From a legal point of view, AI is arousing particular interest in terms of the guarantees that must be respected when it comes to its practical application. Thus, various initiatives are being promoted that seek to specifically regulate the conditions for its use, among which the proposal being processed by the European Union stands out, where data are the object of special attention.

At the state level, Law 15/2022, of 12 July, on equal treatment and non-discrimination, was approved a few months ago. This regulation requires public administrations to promote the implementation of mechanisms that include guarantees regarding the minimisation of bias, transparency and accountability, specifically with regard to the data used to train the algorithms used for decision-making.

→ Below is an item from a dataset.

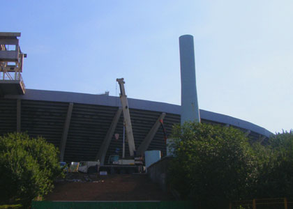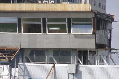 А вот темпы демонтажа НСК «Олимпийский» не могут не радовать. Несмотря на технические трудности, вторая прожекторная опора, которая ранее располагалась на одной из четырех вышек, срезана наполовину. Демонтированные части надолго не задерживаются, они разрезаются и вывозятся с территории. Ударными темпами разбирают и ложу прессы: по всему периметру демонтированы окна, разобрана значительная часть со стороны Бессарабки.

There is a growing interest on the part of the autonomous communities in regulating the use of data by AI systems, in some cases reinforcing guarantees regarding transparency. Also, at the municipal level, protocols are being promoted for the implementation of AI in municipal services in which the guarantees applicable to the data, particularly from the perspective of their quality, are conceived as a priority requirement.

The possible collision with other rights and legal interests: the protection of personal data

Beyond regulatory initiatives, the use of data in this context has been the subject of particular attention as regards the legal conditions under which it is admissible. Thus, it may be the case that the data to be used are protected by third party rights that prevent - or at least hinder - their processing, such as intellectual property or, in particular, the protection of personal data. This concern is one of the main motivations for the European Union to promote the Data Governance Regulation, a regulation that proposes technical and organisational solutions that attempt to make the re-use of information compatible with respect for these legal rights.

Precisely, the possible collision with the right to the protection of personal data has motivated the main measures that have been adopted in Europe regarding the use of ChatGPT. In this regard, the Garante per la Protezione dei Dati Personali has ordered a precautionary measure to limit the processing of Italian citizens' data, the Spanish Data Protection Agency has initiated ex officio inspections of OpenAI as data controller and, with a supranational scope, the European Data Protection Supervisor (EDPB) has created a specific working group.

The impact of the regulation on open data and re-use

The Spanish regulation on open data and re-use of public sector information establishes some provisions that must be taken into account by IA systems. Thus, in general, re-use will be admissible if the data has been published without conditions or, in the event that conditions are set, when they comply with those established through licences or other legal instruments; although, when they are defined, the conditions must be objective, proportionate, non-discriminatory and justified by a public interest objective.

As regards the conditions for re-use of information provided by public sector bodies, the processing of such information is only allowed if the content is not altered and its meaning is not distorted, and the source of the data and the date of its most recent update must be mentioned.

On the other hand, high-value datasets are of particular interest for these AI systems characterised by the intense re-use of third-party content given the massive nature of the data processing they carry out and the immediacy of the requests for information made by users. Specifically, the conditions established by law for the provision of these high-value datasets by public bodies mean that there are very few limitations and also that their re-use is greatly facilitated by the fact that the data must be freely available, be susceptible to automated processing, be provided through APIs and be provided in the form of mass downloading, where appropriate.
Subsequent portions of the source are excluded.